A faithful copy is needed of the lines below from the one with "1934 Mater Children's Hospital" up to and including the one with "Tourists and locals"; set it down with no pictures and no other lines.

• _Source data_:
☆ ☆ ☆ ☆ ☆ ☆ ☆

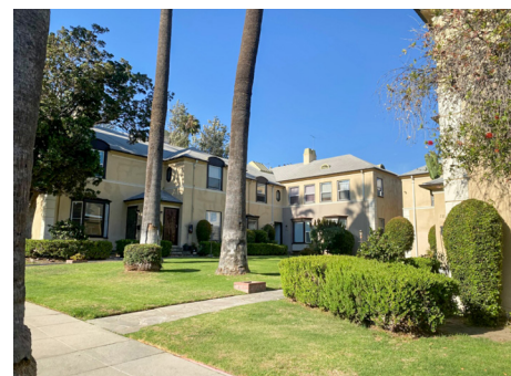
1852-1862 N EDMONT ST LOS ANGELES, CA 90027
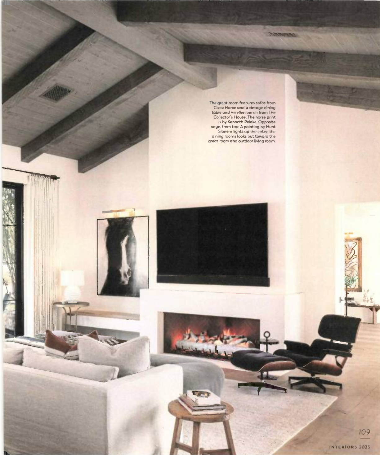
The great room features sofas from Cisco Home and a vintage dining table and Verellen bench from The Collector's House. The horse print is by Kenneth Polke. Opposite page, from top: A painting by Hunt Slonem lights up the entry; the dining room looks out toward the great room and outdoor living room.
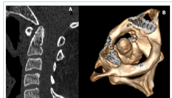
Figure 2: 19-year-old patient victim of fall in gymnastics. (A) Sagittal reconstruction CT showed atlantoaxial rotatory dislocation type IIA with anterior displacement of C1 over than 3mm. (B) A superior view in VR reconstruction confirms the rotational displacement of C1 on C2 with an eccentric position of the odontoid in the cervical canal.

CT established the diagnosis of rotatory dislocation and demonstrated rotational displacement of the C1 on the C2 axis in all patients. According to the Fielding classification [2], there was 9 cases of LRAA type 1 (Figure 1), and only one case type IIA (Figure 2). No bone fracture was detected.
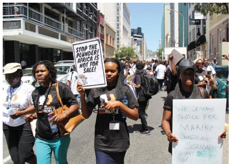
March at the 2018 Alternative Mining Indaba

Regionally the Southern African Trade Union Co-ordinating Council can also draw attention to and negotiate health standards in the tripartite meetings of the SADC employment and Labour Sector.
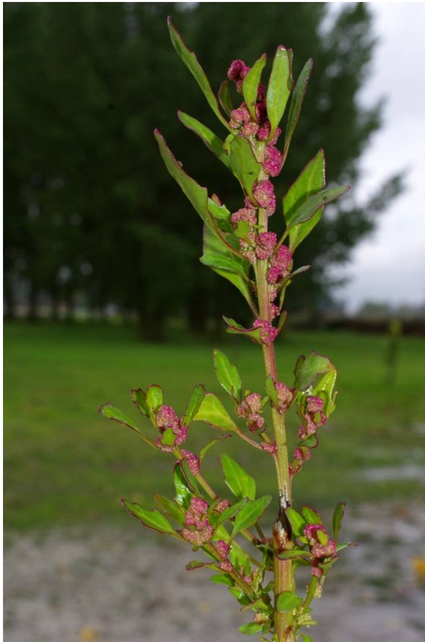
Blitum virgatum ( Chenopodium foliosum )
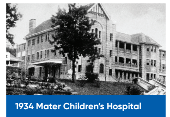
1934 Mater Children's Hospital
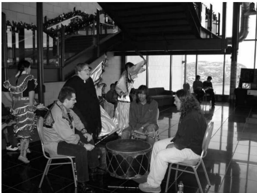
“St. John’s Aboriginal Drumming and Dancing Group at the Multicultural Fair Celebration of Diversity held at The Rooms on Sunday, 11 December 2005.
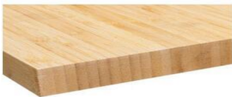
Single layer vertical
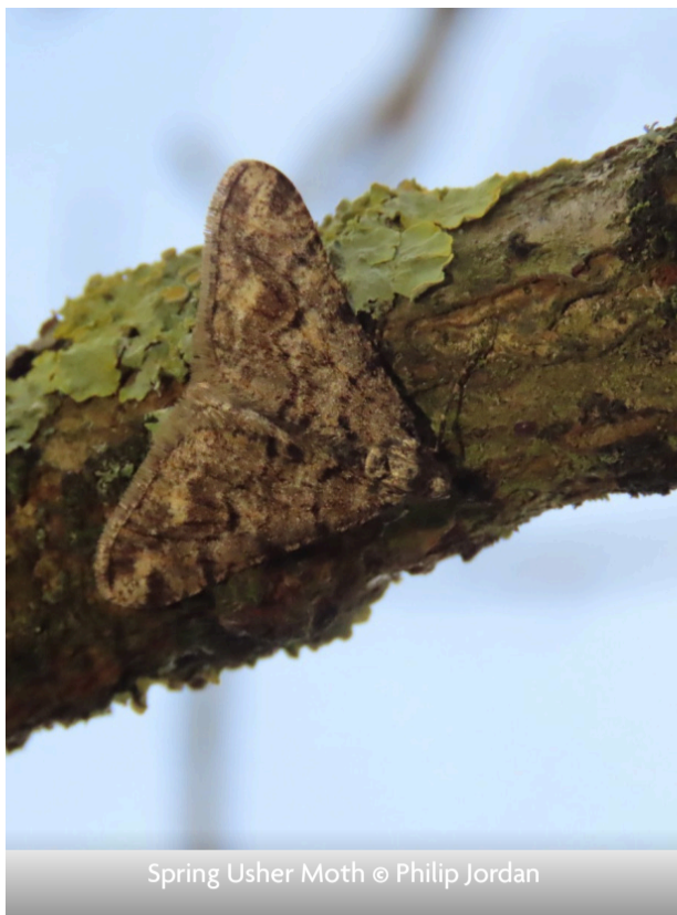
Spring Usher Moth
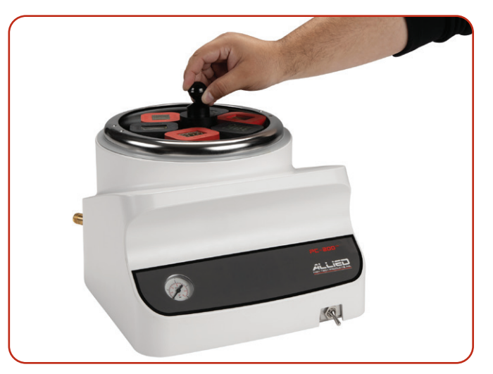
Can fit three (3) stackable trays inside the chamber
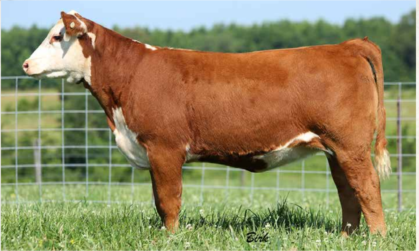
DSB 102W X51 CALLICO 305D - Lot 159A
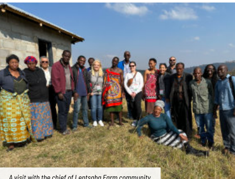
A visit with the chief of Lentsaba Farm community
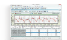
SvanPC++ EM Post-processing software
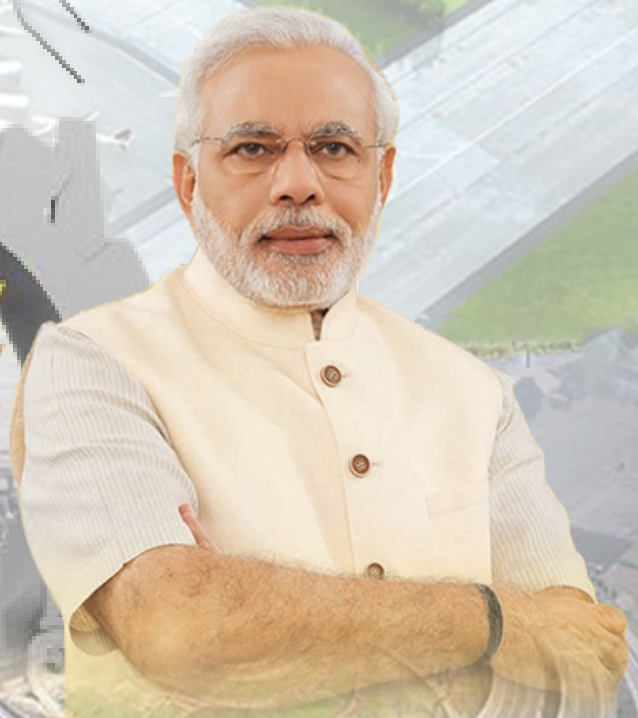
Shri Narendra Modi Hon'ble Prime Minister of India

B2G/B2B MEETS - NETWORKING NEW OPPORTUNITIES
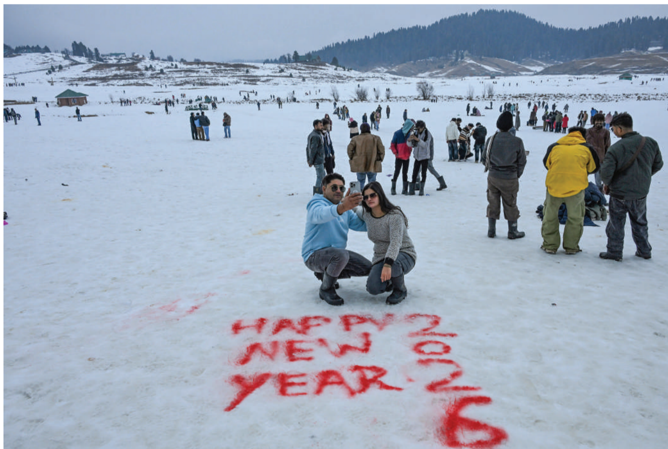
Tourists and locals ring in New Year 2026 amid snow, selfies, and celebrations on the white meadows of Gulmarg.
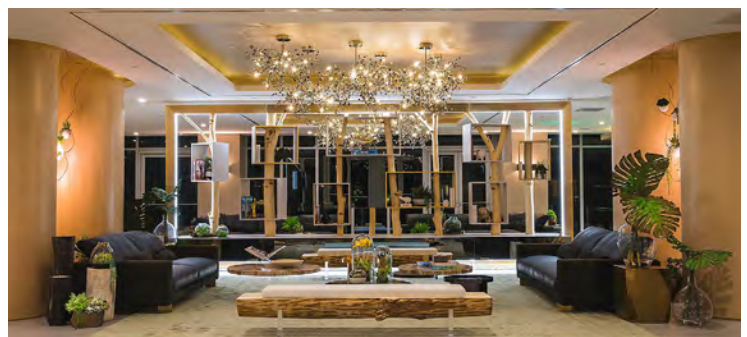
ARIA ON THE BAY
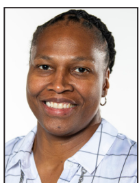
ASSISTANT COACH YOLANDA GRIFFITH 2nd Season

☆ ☆ ☆ ☆ ☆ ☆ ☆

• _TASK RESULT_:
1934 Mater Children's Hospital
“St. John’s Aboriginal Drumming and Dancing Group at the Multicultural Fair Celebration of Diversity held at The Rooms on Sunday, 11 December 2005.
Single layer vertical
Spring Usher Moth
Can fit three (3) stackable trays inside the chamber
DSB 102W X51 CALLICO 305D - Lot 159A
A visit with the chief of Lentsaba Farm community
SvanPC++ EM Post-processing software
Shri Narendra Modi Hon'ble Prime Minister of India

B2G/B2B MEETS - NETWORKING NEW OPPORTUNITIES
Tourists and locals ring in New Year 2026 amid snow, selfies, and celebrations on the white meadows of Gulmarg.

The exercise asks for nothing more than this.